A Pattern Language: Towns, Buildings, Construction
A Pattern Language.jpg
Author Christopher Alexander, Sara Ishikawa, Murray Silverstein
Subject Architecture
Publisher Oxford University Press
Publication date
1977
Pages 1171
ISBN
LC Class HT166.A6147
Preceded by The Timeless Way of Building
Followed by The Oregon Experiment

A Pattern Language: Towns, Buildings, Construction is a 1977 book on architecture, urban design, and community livability. It was authored by Christopher Alexander, Sara Ishikawa and Murray Silverstein of the Center for Environmental Structure of Berkeley, California, with writing credits also to Max Jacobson, Ingrid Fiksdahl-King and Shlomo Angel. Decades after its publication, it is still one of the best-selling books on architecture.

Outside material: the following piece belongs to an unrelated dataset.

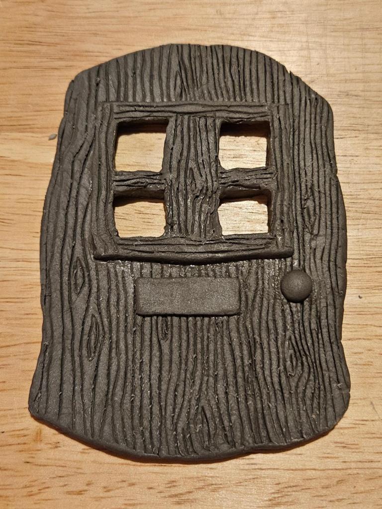 My most recent creation, which is still a work in progress, is a fairy door…it took ages to cut the wood effect into the clay, but it was so therapeutic. I’m looking forward to it drying out so I can paint it.

The book creates a new language, what the authors call a pattern language derived from timeless entities called patterns. As they write on page xxxv of the introduction, "All 253 patterns together form a language." Patterns describe a problem and then offer a solution. In doing so the authors intend to give ordinary people, not only professionals, a way to work with their neighbors to improve a town or neighborhood, design a house for themselves or work with colleagues to design an office, workshop or public building such as a school.

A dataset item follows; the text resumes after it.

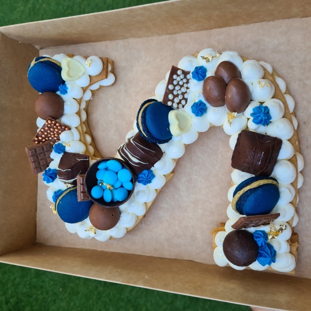 עוגת מספרים או צורה/אות מבצק פריך וקרם מסקרפונה/פטיסייר מוקצף לבחירה המחיר עבור אות/ספרה/צורה אחת

Written in the 1970s at the University of California, Berkeley, A Pattern Language was influenced by the then-emerging language to describe computer programming and design. "A pattern language has the structure of a network," the authors write on page xviii. Thus, each pattern may have a statement that is referenced to another pattern by placing that pattern's number in brackets, for example: (12) means go to the Community of 7,000 pattern. In this way, it is structured as a hypertext, a form related to generative grammars.

It includes 253 patterns such as Community of 7000 (Pattern 12) given a treatment over several pages; page 71 states: "Individuals have no effective voice in any community of more than 5,000–10,000 persons." It is written as a set of problems and documented solutions.

According to Alexander & team, the work originated from an observation that

At the core […] is the idea that people should design for themselves their own houses, streets and communities. This idea […] comes simply from the observation that most of the wonderful places of the world were not made by architects but by the people.